Dataset records:
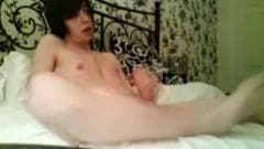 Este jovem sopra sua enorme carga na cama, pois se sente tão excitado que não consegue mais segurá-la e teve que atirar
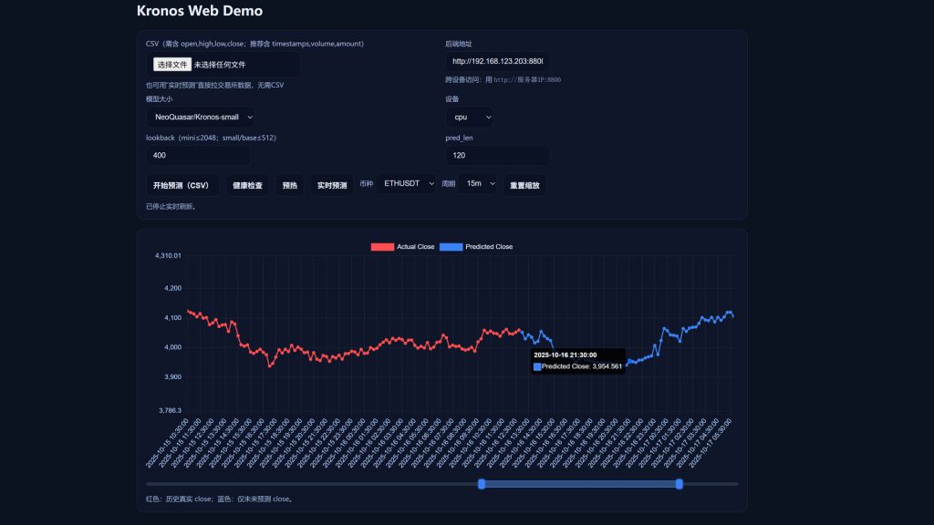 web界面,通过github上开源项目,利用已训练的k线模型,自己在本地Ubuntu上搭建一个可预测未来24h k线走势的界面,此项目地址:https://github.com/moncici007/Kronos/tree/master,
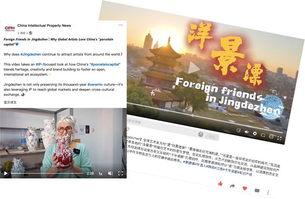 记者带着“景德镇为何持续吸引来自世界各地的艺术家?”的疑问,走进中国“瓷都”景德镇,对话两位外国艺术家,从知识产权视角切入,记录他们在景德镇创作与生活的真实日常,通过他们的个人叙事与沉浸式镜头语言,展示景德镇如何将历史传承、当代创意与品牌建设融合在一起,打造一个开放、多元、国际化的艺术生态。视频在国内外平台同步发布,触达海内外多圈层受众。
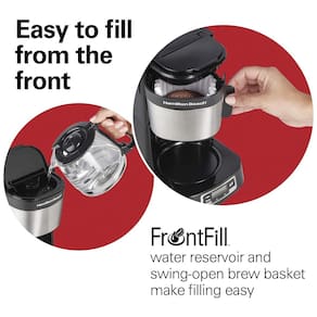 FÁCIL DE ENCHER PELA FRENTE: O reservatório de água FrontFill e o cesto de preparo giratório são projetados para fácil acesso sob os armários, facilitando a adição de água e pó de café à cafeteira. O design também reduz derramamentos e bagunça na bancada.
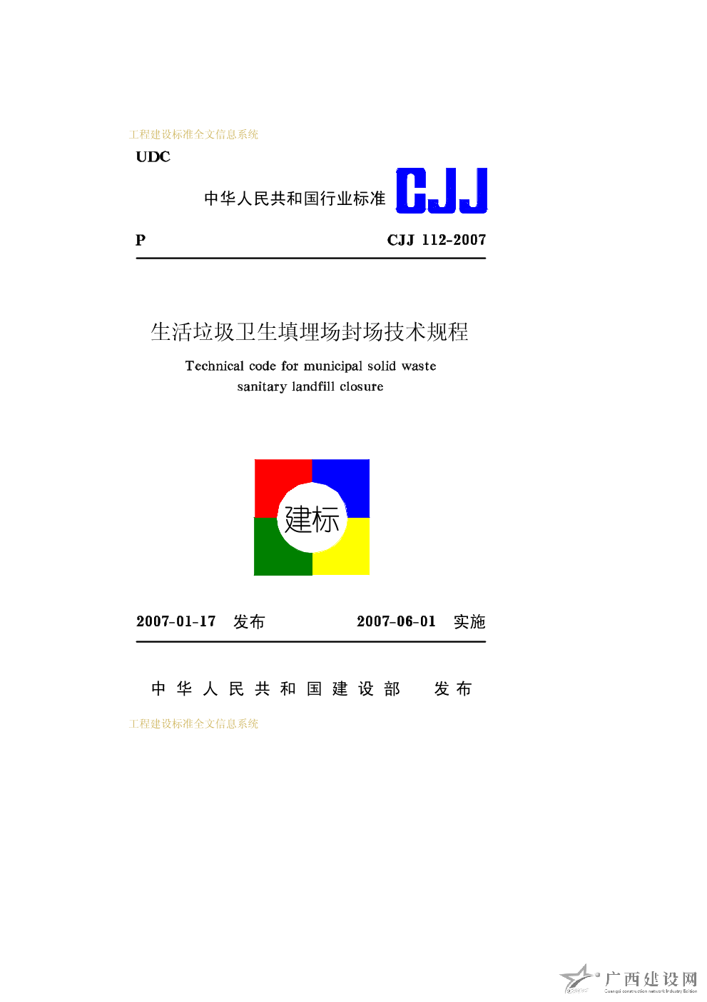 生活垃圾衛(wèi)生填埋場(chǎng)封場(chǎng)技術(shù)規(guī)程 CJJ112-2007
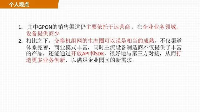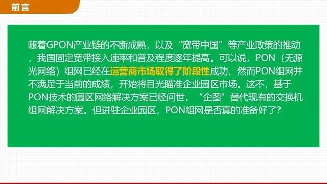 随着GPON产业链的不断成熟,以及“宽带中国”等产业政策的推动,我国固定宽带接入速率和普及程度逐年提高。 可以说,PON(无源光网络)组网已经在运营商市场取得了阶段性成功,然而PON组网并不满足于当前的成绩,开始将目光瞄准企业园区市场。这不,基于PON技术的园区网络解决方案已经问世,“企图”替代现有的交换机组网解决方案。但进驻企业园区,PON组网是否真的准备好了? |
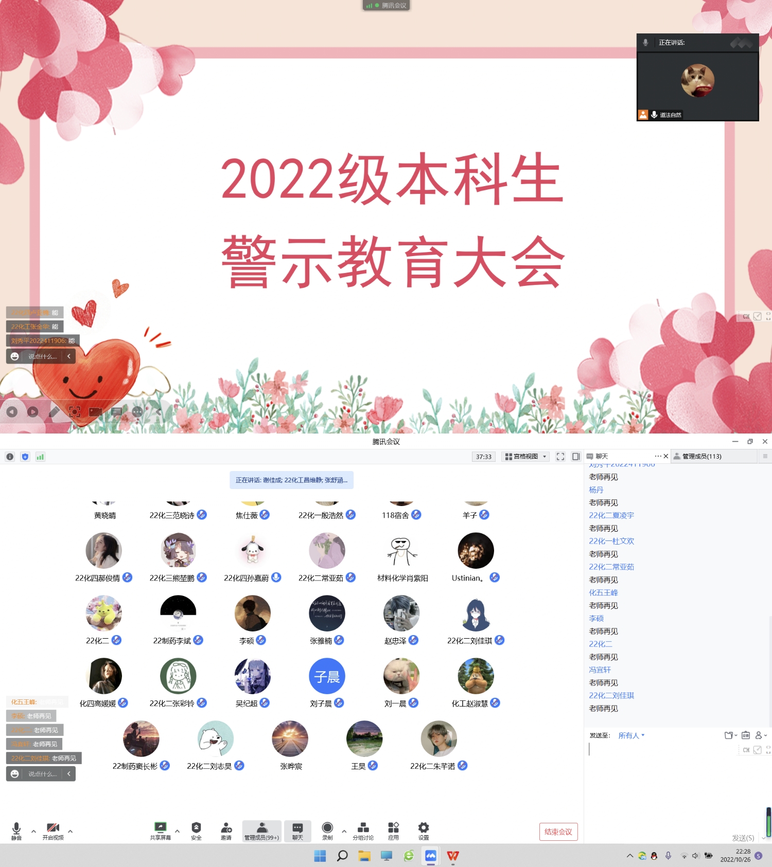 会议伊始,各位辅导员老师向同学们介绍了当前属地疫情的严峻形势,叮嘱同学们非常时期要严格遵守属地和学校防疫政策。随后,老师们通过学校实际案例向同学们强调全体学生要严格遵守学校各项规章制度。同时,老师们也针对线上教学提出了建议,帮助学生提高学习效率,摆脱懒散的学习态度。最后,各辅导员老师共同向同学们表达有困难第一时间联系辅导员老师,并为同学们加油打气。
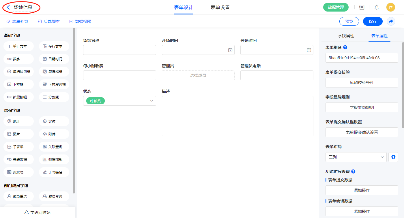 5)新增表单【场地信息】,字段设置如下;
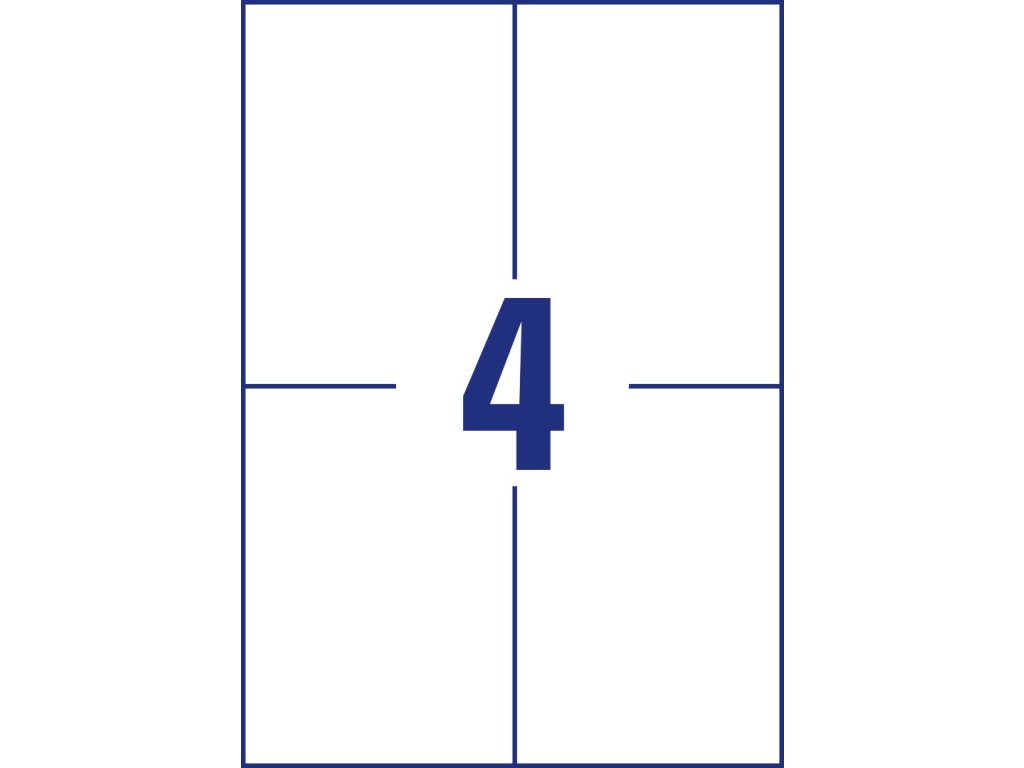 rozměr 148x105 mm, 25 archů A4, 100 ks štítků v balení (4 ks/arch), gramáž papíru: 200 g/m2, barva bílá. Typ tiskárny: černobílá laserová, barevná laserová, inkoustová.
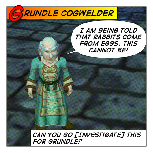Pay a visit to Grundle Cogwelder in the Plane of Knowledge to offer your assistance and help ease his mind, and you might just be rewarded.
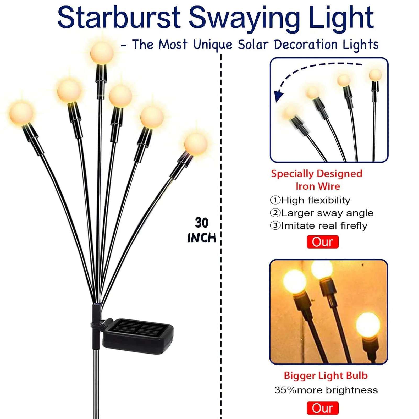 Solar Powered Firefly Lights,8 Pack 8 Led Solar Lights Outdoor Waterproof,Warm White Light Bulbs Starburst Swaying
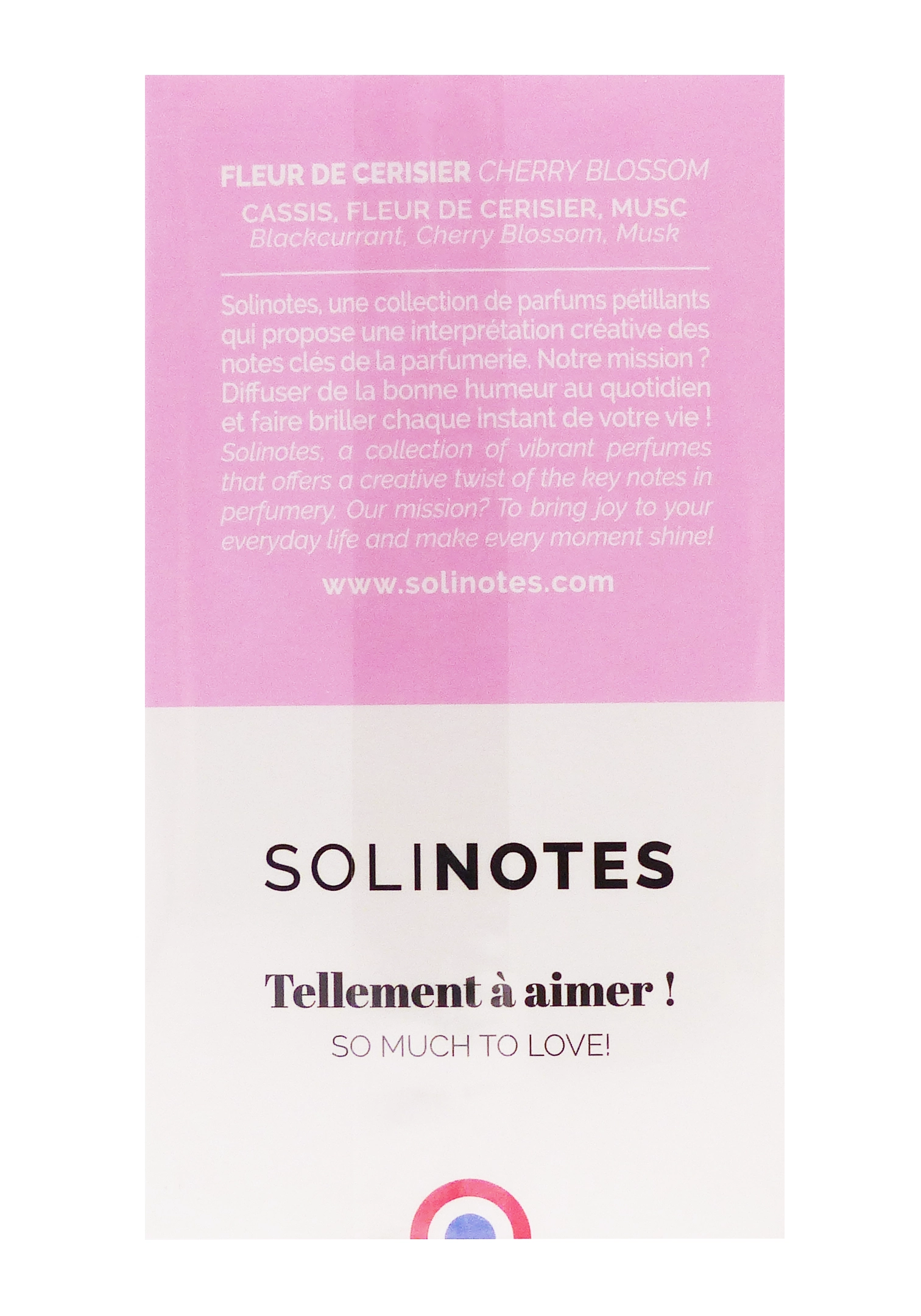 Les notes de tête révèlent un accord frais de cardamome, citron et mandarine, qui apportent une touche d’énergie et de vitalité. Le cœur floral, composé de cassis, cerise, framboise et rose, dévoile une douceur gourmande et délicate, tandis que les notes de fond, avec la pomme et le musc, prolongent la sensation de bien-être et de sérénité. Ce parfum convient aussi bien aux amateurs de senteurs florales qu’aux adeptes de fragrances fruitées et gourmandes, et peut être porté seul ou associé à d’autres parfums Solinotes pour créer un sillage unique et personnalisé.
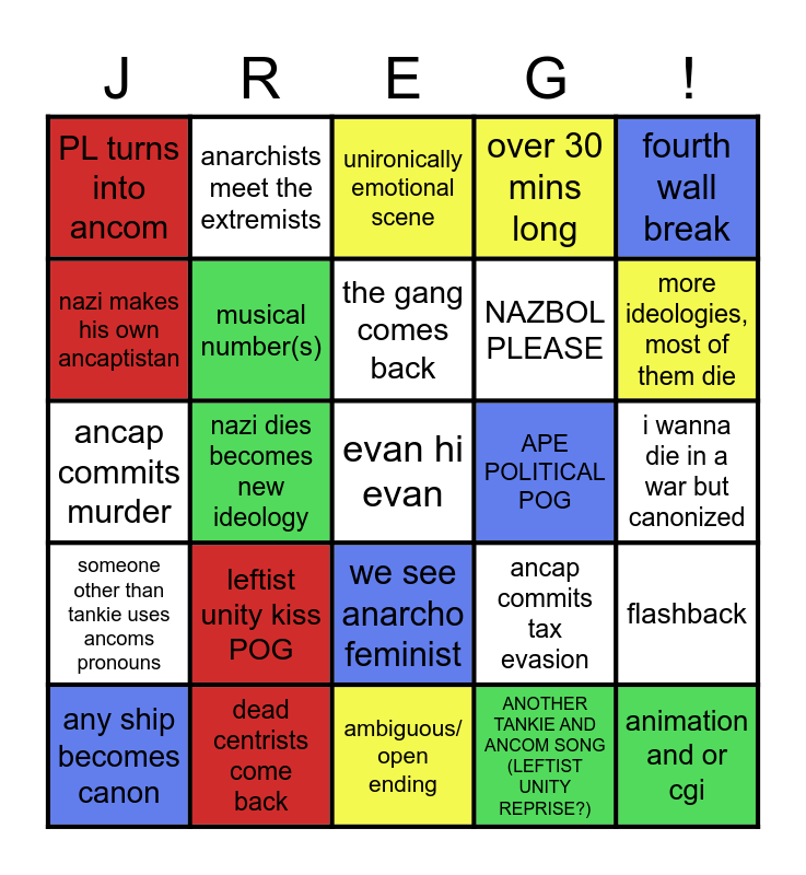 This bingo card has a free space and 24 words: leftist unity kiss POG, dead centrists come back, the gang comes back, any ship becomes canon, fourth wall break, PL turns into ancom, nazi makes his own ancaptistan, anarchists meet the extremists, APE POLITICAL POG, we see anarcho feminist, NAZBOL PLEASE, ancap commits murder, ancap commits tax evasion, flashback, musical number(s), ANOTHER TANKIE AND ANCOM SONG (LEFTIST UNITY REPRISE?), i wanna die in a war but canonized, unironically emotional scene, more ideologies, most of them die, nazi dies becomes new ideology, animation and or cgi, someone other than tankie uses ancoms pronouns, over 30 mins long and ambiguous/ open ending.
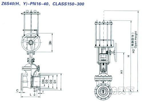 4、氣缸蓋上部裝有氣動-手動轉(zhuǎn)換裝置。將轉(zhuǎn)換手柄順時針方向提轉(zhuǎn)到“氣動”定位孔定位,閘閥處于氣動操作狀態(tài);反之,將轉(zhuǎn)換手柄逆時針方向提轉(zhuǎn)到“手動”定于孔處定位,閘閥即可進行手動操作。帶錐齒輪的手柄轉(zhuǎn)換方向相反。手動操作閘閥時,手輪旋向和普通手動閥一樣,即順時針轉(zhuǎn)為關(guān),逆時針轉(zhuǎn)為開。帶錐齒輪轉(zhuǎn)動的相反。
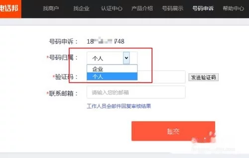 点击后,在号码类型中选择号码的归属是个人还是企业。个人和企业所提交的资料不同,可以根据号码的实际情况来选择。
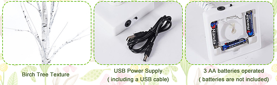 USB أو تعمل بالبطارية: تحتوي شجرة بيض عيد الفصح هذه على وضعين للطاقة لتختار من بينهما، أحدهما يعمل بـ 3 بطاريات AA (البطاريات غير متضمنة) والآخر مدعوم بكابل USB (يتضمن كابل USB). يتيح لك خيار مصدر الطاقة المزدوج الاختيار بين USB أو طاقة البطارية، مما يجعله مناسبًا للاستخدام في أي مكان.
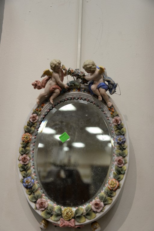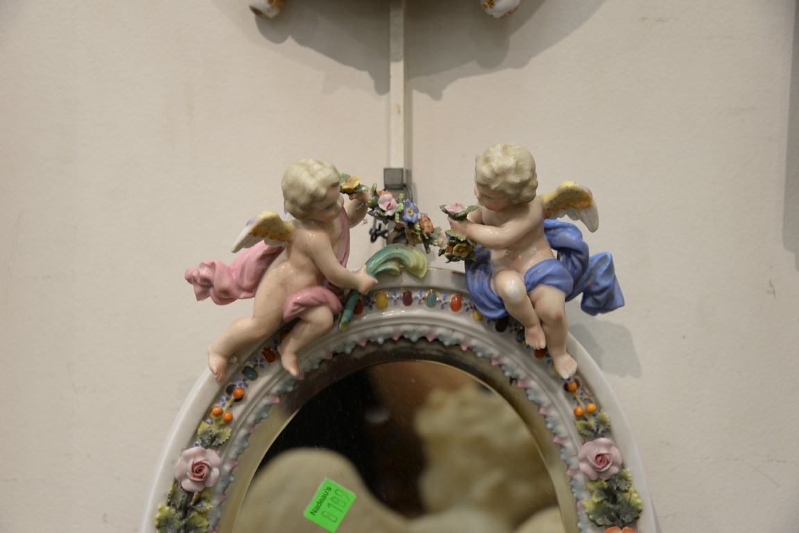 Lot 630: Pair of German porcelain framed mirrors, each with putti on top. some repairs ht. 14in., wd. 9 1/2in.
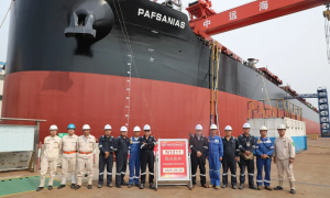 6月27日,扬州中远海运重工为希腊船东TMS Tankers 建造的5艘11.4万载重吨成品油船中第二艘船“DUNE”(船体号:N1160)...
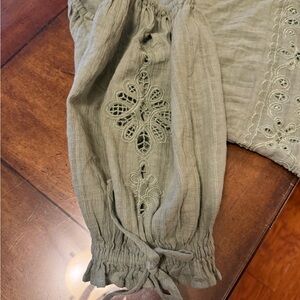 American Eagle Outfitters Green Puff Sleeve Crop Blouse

Work to be completed:
Pictures are to be left out; the lines from the start of the records above through the line holding "web界面,通过github" are to be returned exactly.

Output of the task:
 Este jovem sopra sua enorme carga na cama, pois se sente tão excitado que não consegue mais segurá-la e teve que atirar
 web界面,通过github上开源项目,利用已训练的k线模型,自己在本地Ubuntu上搭建一个可预测未来24h k线走势的界面,此项目地址:https://github.com/moncici007/Kronos/tree/master,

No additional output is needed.